Which didn't tell him much. All the same, Arkady was satisfied with finding anything. He picked up a knife in the kitchen and let the blue of the sea draw him to a balcony chair. One moment he was full of nervous energy, the next barely able to move his feet. Was it the six-hour time difference from Moscow? Fear? The breeze was soft, the weight of the knife across his stomach was reassuring and he fell asleep, cooled by the sweat on his face.

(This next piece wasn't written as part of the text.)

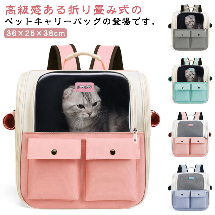 小型 猫 犬 ペットキャリー リュック バックパック 多機能 通気 軽量 折りたたみ 出入り2way メッシュ 窓 サイドポケット お出かけ 外出 キャンプ 旅行 電車 公共交通 ドライブ 移動 安全 防災 災害 避難 通院 ペット用品 夏 プレゼント Mサイズ 小型犬 夏

He awoke to the rising pitch of sirens. The sun had moved to the far end of the Malecon, and coming up the seawall boulevard was a high-speed vanguard of four motorcycles, their way cleared in advance by PNRs who had suddenly appeared ahead at every intersection to stop all other traffic and chase bikers and pedicabs out of the way. Behind the bikes came a smooth, silent convoy, and as it flashed by people on the sidewalk paused in midstep, eyes darting to each vehicle as it flew past, from boxy Land Rover to wide Humvee, to a little Minint Lada that ran like a lapdog in front of two black Mercedes 280s with tinted glass and the swaying ride of heavy armor, from radio van to ambulance, from trailing Land Rover to a rear guard of four more cycles, an energetic whirlwind that made the entire Malecon come to a stop like a population in a trance and then, with its passing, released them.

Arkady's name was being shouted, and down on the pavement he saw Erasmo tilted backward in his wheelchair.

'Bolo, did you see him?' Erasmo touched his beard to signify El Lider, El Comandante, Fidel himself.